Prompt.
The answer is the exact run of lines in the listing below from the line containing "工作人员为生态护林员发放巡护马甲" up to and including the line containing "This paper introduces", with pictures removed.

*** Given data Section Begins ***

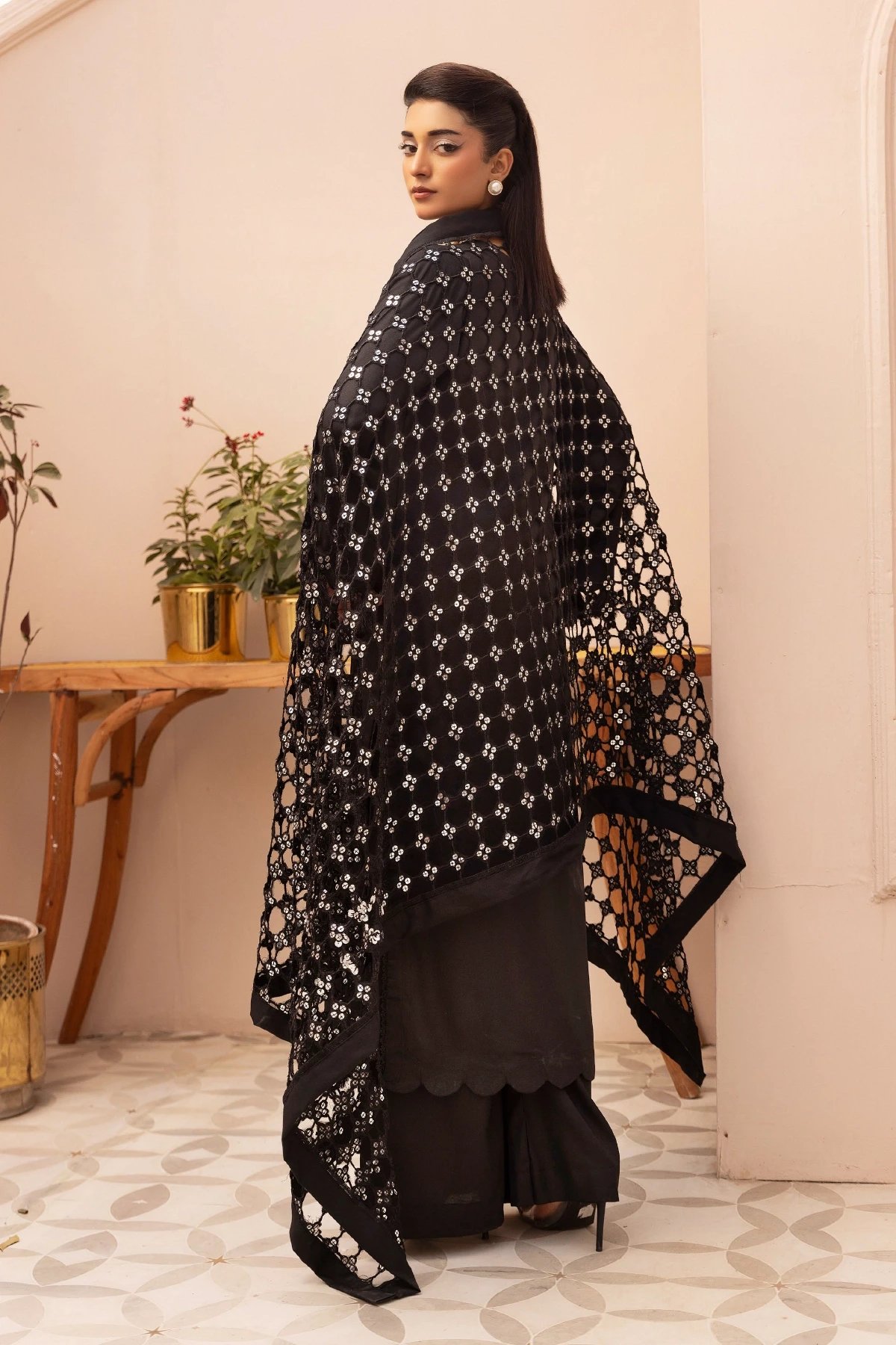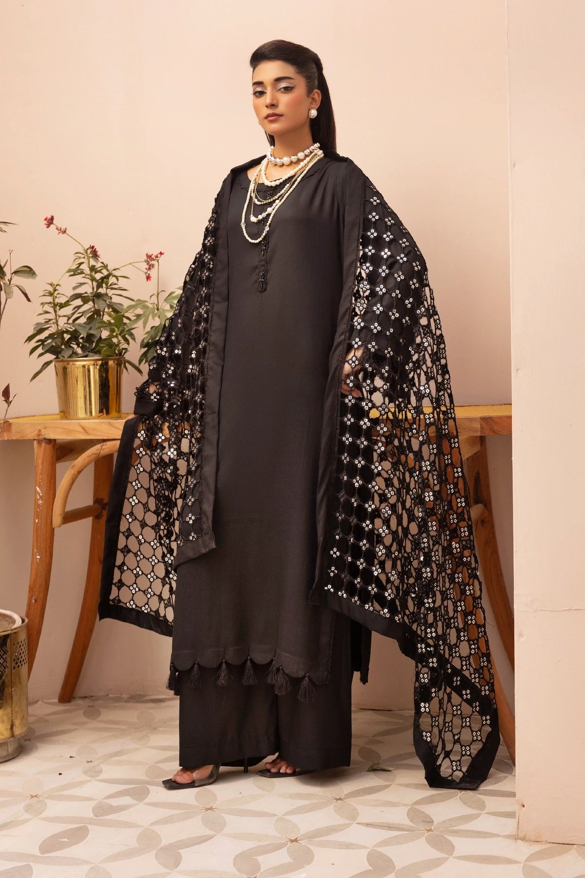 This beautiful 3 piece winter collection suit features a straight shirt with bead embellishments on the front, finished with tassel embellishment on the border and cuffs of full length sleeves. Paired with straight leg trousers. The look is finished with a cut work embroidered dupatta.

*** Given data Section Ends ***
*** Given data Section Begins ***

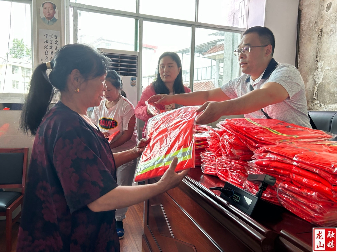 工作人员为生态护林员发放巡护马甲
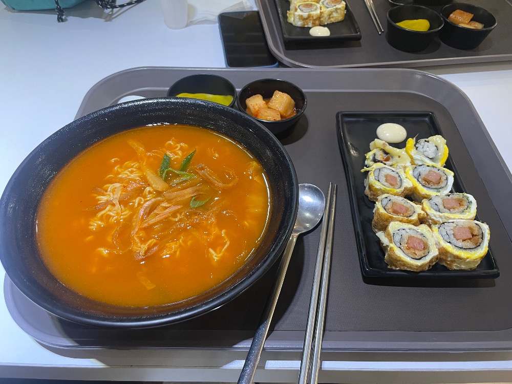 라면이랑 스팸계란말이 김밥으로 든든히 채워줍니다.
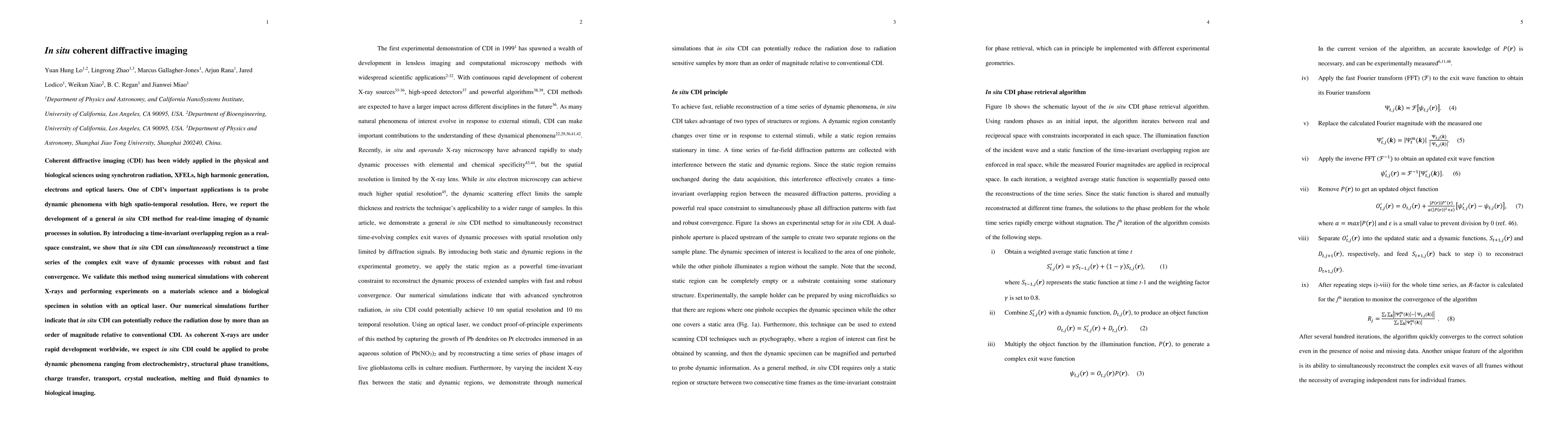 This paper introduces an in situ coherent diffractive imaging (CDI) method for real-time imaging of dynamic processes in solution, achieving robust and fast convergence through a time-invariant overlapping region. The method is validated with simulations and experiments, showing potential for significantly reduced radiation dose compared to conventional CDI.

*** Given data Section Ends ***

Exercise response.
 工作人员为生态护林员发放巡护马甲
 라면이랑 스팸계란말이 김밥으로 든든히 채워줍니다.
 This paper introduces an in situ coherent diffractive imaging (CDI) method for real-time imaging of dynamic processes in solution, achieving robust and fast convergence through a time-invariant overlapping region. The method is validated with simulations and experiments, showing potential for significantly reduced radiation dose compared to conventional CDI.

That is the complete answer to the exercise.